Integrating error-prone datasets and extracting useful information is an enormous challenge. For multiple evidence types with high false-positive and low false-negative rates, an obvious approach is to predict according to the intersection of all datasets. On the other hand, one might want to take the union if the evidence types have low false-positive rates but high false-negative rates. These two simple methods will be most effective if the evidence types are "orthogonal" [37], or more precisely, conditionally independent given the truth. However, these two extremes are not generally applicable in integrating multiple datasets related to protein interactions. Furthermore, most such datasets are not independent. Given the heterogeneous nature of various genomic data, it is desirable to develop more effective rules of data integration that can take into account the different predictive value of every data source and their combinations. One way to combine the different features of the datasets is to model the conditional probability of CCP given all gene- or protein-pair characteristics. A recent study combined evidence from six datasets by dividing protein pairs into 26 subsets according to combinations of evidence types and estimated error rate for each of them as the fraction of false positives in the subset [38]. However, such a method scales poorly as the number of datasets increases because the number of parameters (i.e. error rates) grows exponentially with the number of attributes, and is therefore highly prone to over-fitting. Here we took a probabilistic decision tree approach to tackle the problem. By post-pruning the decision trees, we were able to choose features informative of CCP and avoid over-fitting, and were therefore able to integrate a much larger number of gene- and protein-pair characteristics. Our method substantially outperformed the Jansen et al. 2002 approach. (There are 46 true positives and 37 false positives among the top 83 predictions in [38], evaluated on the training set, while our method, evaluated by cross-validation, predicted 74 true positives among the top 83 predictions.) This improvement demonstrates the benefit of integrating diverse data types to predict CCPs.

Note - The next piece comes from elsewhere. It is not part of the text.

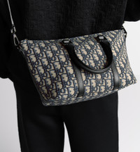 The Weekender 25 is both sophisticated and timeless. Crafted in beige and black Dior Oblique jacquard, the silhouette offers a new take on the iconic House motif, and is enhanced by black grained calfskin detailing and the Dior signature on the front. Its generously sized main zip compartment can accommodate all the daily essentials. Featuring an adjustable and removable strap, as well as leather top handles, the Weekender 25 can be carried by hand or worn over the shoulder. - Main composition: cotton, calfskin and technical fabric - Cotton, technical fabric and calfskin lining - Main zip compartment - Interior zip pocket - Leather top handles - Adjustable and removable leather shoulder strap with lobster clasps - Ruthenium-finish brass Dior signature on the front - Embossed Dior signature on the interior - Dust bag included - Made in Italy Size & Fit - Dimensions: 31 x 18 x 12 cm / 12 x 7 x 4.5 inches (Length x Height x Width) - Strap length: 101 – 130 cm / 40 – 51 inches - Drop length: 46 – 59 cm / 18 – 23 inches - Weight: 655 g / 23 ounces

During the preparation of this manuscript, Jansen et al. published another related study using naïve Bayes and a fully-connected Bayesian network to combine multiple evidence types [20]. The naïve Bayes approach allows them to incorporate more evidence types than in their previous study [38], but assumes conditional independency between the attributes, which they justify by showing the lack of linear correlation between most of the attributes used. (But note that conditional independency does not follow the absence of linear correlation.) The results, however, are not directly comparable for at least three reasons. First, they use a "gold-standard" in which positives are defined by the MIPS complex catalogue (the same as in our study), but negatives are non-positive protein pairs with different subcellular localizations. This largely recasts the problem of CCP prediction as the problem of predicting protein pairs that either are co-complexed or share the same subcellular localization, which over-simplifies the task. Second, due to their choice of gold-standard negatives, their training set used in cross-validation is enriched with protein pairs for which both members have known subcellular localization and in consequence the result does not represent their performance on the entire yeast proteome. Third, they use functional annotation to make their predictions, which has the potential for circularity (e.g., if the function is actually assigned on the basis of CCP annotation in the "gold standard") and introduces a strong bias towards well-studied proteins, both of which may artificially inflate the performance.

Conclusions

A probabilistic decision tree approach has been previously used to predict some characteristics of genes or proteins (e.g., knockout phenotype and protein function) [22,23,39]. Here we showed that a similar approach can also be used to predict a characteristic of protein pairs (i.e. co-complexed relationship) from other characteristics. CCP predictions provide testable hypotheses for experimental validation. The estimated CCP probabilities provided by integrating heterogeneous data with probabilistic decision trees may lead to improved ab initio complex discovery from interaction data [31] or to more accurate addition of proteins to partially-known protein complexes. Predicted CCP membership may also represent functional links between proteins, and therefore aid the prediction of protein function. This general approach can be readily applied to other characteristics of gene or protein pairs and in other organisms as large-scale genomic and proteomic data becomes available.

Methods

Collecting datasets

We collected 12 major categories of gene- and protein-pair characteristics for all protein pairs in Saccharomyces cerevisiae. A summary with references to the data sources is shown in Table 1 and 2. Each evidence type was mapped to one or more binary variables ("attributes"). For an evidence type with continuous values (e.g., expression correlation coefficient), a series of alternative thresholds were used to convert it into several binary attributes. All attributes were hierarchically organized into a directed acyclic graph (DAG), with an edge from attribute i to attribute j indicating that any protein pair annotated with attribute j is, by logical necessity, also annotated with attribute i.

A reference set of co-complexed protein pairs was obtained from the MIPS complex catalogue [24,25] which provides a relatively complete list of currently known protein complexes in yeast. All protein pairs within the same complex were recorded as CCPs. Since the MIPS complex catalogue is organized into a hierarchy of complexes, we only considered complexes with no annotated sub-complexes. Altogether, our MIPS-derived reference set contains 8707 CCPs collected from a total of 250 complexes.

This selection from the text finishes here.